It’s been a busy week for YouTube. Now, it’s the BBC has signed a deal with Google’s video sharing site to form not one, but three official BBC channels on the site that will distribute BBC’s news and entertainment content in the hopes of driving more traffic to the BBC website.
The multi-year deal is non-exclusive, and includes content from the BBC, BBC Worldwide, and BBC News. The BBC “public service” channel, though, will contain no advertising and contain supplementary content like behind-the-scenes clips in order to promote existing BBC programs and encourage viewings on the BBC home page.
The BBC Worldwide “entertainment” channel will contain archived clips from popular BBC programs like “Top Gear” and “The Mighty Boosh”. Ads include banners and pre-rolls. The Worldwide channel will be viewable with advertising by UK users, which could generate some controversy. The BBC has taken heat from a proposal to place advertising on the international BBC.com home page. However, the BBC’s entertainment programs are already monetized by ads through print and television.
Meanwhile, the news channel will show about 30 news clips per day, much like a similar deal made between the BBC and Yahoo.
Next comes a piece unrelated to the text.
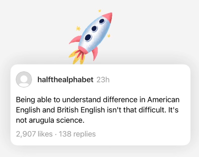 Anywhere you travel in Europe, they call arugula “rocket” for some reason. Here’s a little joke for you from the internet.

But because the news clips are supported by advertising, they will be inaccessible to users in the UK.
“We don’t want to be overzealous, a lot of the material on YouTube is good promotional content for us,” said BBC director of future media and technology Ashley Highfield in a BBC News story announcing the deal.
According to Highfield, unlike other content providers, the BBC will not be cracking down on BBC clips already uploaded to YouTube unless they infringe on other people’s copyrights as with sporting events, or if they are harmful to the BBC brand itself.